I received a SCATHING white hot letter of condemnation and damnation from the neuro-ophth lady MD prior to the RT basically warning me I was going to blind the guy, ruin any potential for a surgery, and she would report me for malpractice. Of course, I treated him. His vision improvement was rather remarkable, and he was so happy with his outcome. He brought a newspaper to one visit showing me how he could read small letters he couldn't read before. I saw him for 5 years and then released him. I never heard from neuro-ophth lady, positively or negatively. The patient quit following with her about 6 months after the radiation. (His MRI went to normal, too.)

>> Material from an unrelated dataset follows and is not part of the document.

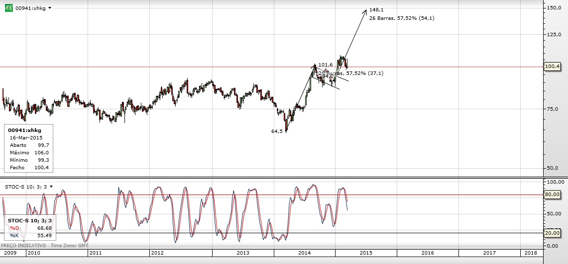 Dou por terminada a minha pequena participação com o boneco da China Mobil. Em menos de um ano valorizou quase 70%, parece estar agora a testar o breakout de uma bandeira.
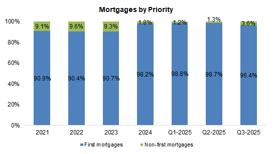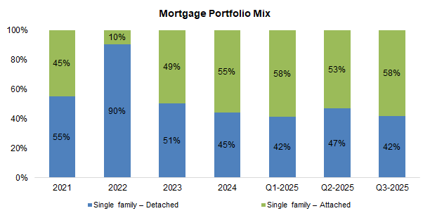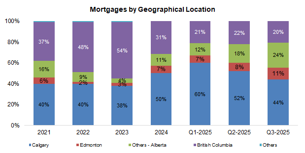 First mortgages fell 2 pp, implying slightly higher risk, but remain above the five-year average of 94%, with the portfolio still concentrated in AB and B.C.

Most recently, I treated a very active farmer guy with rheumatoid arthritis and really gnarly looking and painful hands interfering with his hay baling. I treated him 3 Gy/6 fx. His improvement was remarkable too, and even visually the hands improved. The patient was most grateful and he weaned off his RA meds. His rheumatologist, per the patient, was very reluctant to credit the RT however. (I treated him for free because we could not get insurance auth for RA.)




Anna Gregor. One of the best rad oncs of which many people have never heard.
I have never met a neurosurgeon who cared abt prior xrt complicating surgery.
 
1 gbm lady. Hige, unresectable, butterfly gbm 6 years out chemo xrt ned. All my other stories are widespread mets getting palliative xrt hoping to live long enough to make some graduation... ended up on some of the early immuno trials and now ned a decade later.
 
About 1994.....7 y.o. with stage 4 Hodgkins and lung mets. Failed everything including BMT. Gave TNI and whole lung radiation. I saw her last at age 12, NED and playing full court basketball at a high level. I have several other miracles, but they are all in older patients.

Used cerrobend thin lung blocks FYI...HA!